◆ Aim of the exercise ◆
Would you restate each line of the data below word for word, without its pictures?
══ Material provided
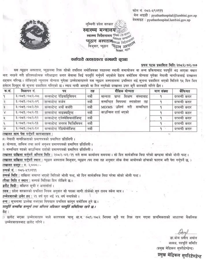 प्यूठान अस्पतालमा चिकित्सक आवश्यकता सम्बन्धी सूचना
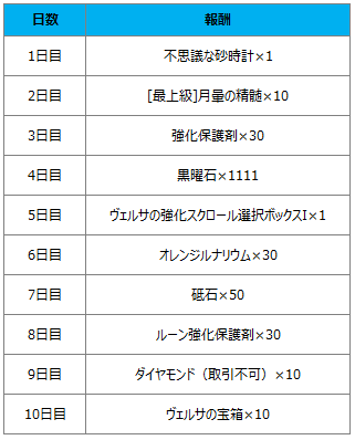 イベント期間中、10日間ログインするだけで「魔法の砂時計」や「ヴェルサの宝箱」などをプレゼント!忘れずにログインして全ての報酬をお受け取りください。
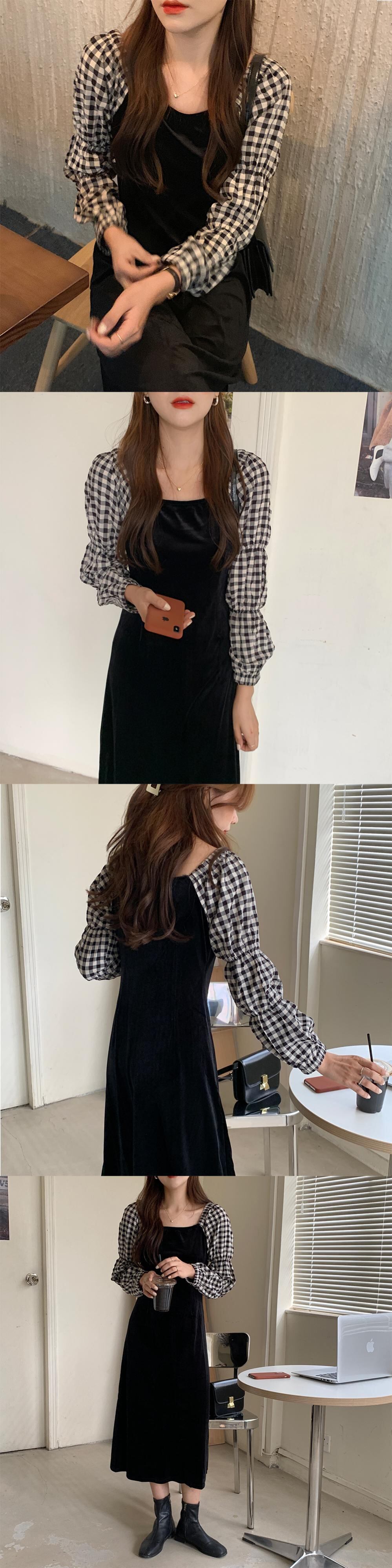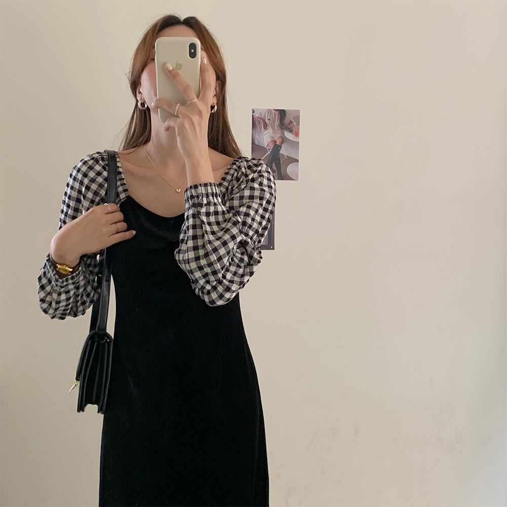 スリム格子柄ロングベルベットスカート エレガント スクウェア ステッチ 韓国婦人44787015673
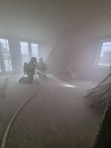 Ein besonderer Aspekt der Übung war das Vorgehen mit Wasser am Rohr. Es wurde bewusst mit gefüllten Schlauchleitungen gearbeitet. Diese sind deutlich schwerer und beeinflussen das taktische Vorgehen im Innenangriff spürbar. Genau diese Bedingungen sind im Einsatz entscheidend und müssen regelmäßig trainiert werden.
════
◆ Completed exercise ◆
 प्यूठान अस्पतालमा चिकित्सक आवश्यकता सम्बन्धी सूचना
 イベント期間中、10日間ログインするだけで「魔法の砂時計」や「ヴェルサの宝箱」などをプレゼント!忘れずにログインして全ての報酬をお受け取りください。
 スリム格子柄ロングベルベットスカート エレガント スクウェア ステッチ 韓国婦人44787015673
 Ein besonderer Aspekt der Übung war das Vorgehen mit Wasser am Rohr. Es wurde bewusst mit gefüllten Schlauchleitungen gearbeitet. Diese sind deutlich schwerer und beeinflussen das taktische Vorgehen im Innenangriff spürbar. Genau diese Bedingungen sind im Einsatz entscheidend und müssen regelmäßig trainiert werden.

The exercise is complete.